これを使いこなせるかどうかが、格安SIM上級者への分かれ道となります。
ワンタップで通信速度を意図的に下げることの意味
通常、私たちがスマホでインターネットを見る時、通信会社は「できるだけ速い速度(高速通信)」でデータを送受信しようとします。
しかしLIBMOでは、ユーザー自身の意思でマイページから設定を変更することで、この通信速度に「最大200kbps」という強烈なブレーキ(制限)をかけることができます。これが「低速モード」です。

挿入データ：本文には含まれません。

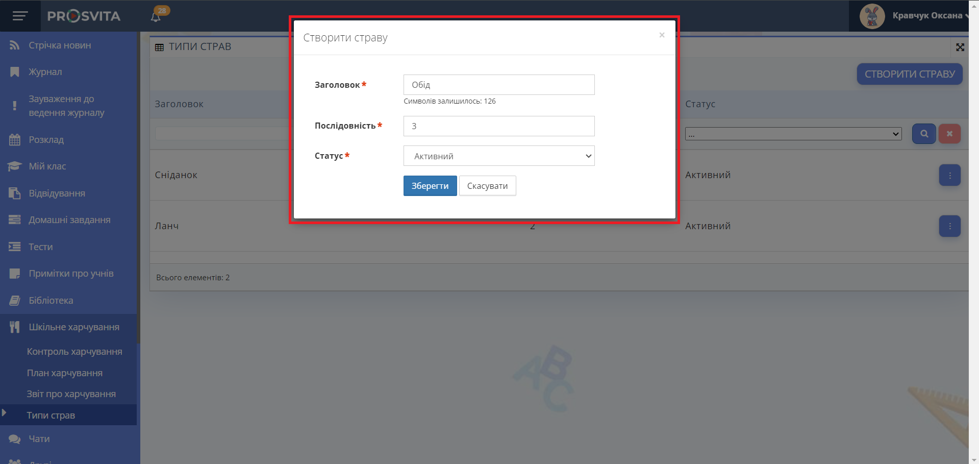 Перейдіть у розділ "Шкільне харчування" -> "Керування типами".

なぜわざわざ自分で通信速度を遅くするのかと疑問に思うかもしれませんが、これは自動車の運転で例えるなら「燃費を極限まで良くするためのエコモード」にスイッチを入れるのと同じ意味を持ちます。
低速モード中はデータ容量(ギガ)が一切減らない(無制限)
低速モードをオンにする最大のメリット、それは「通信速度が遅くなる代わりに、どれだけインターネットを使っても契約しているデータ容量(ギガ)が一切減らなくなる」という点です。
つまり、低速モードがオンになっている間は、実質的に「データ無制限で使い放題」の状態になります。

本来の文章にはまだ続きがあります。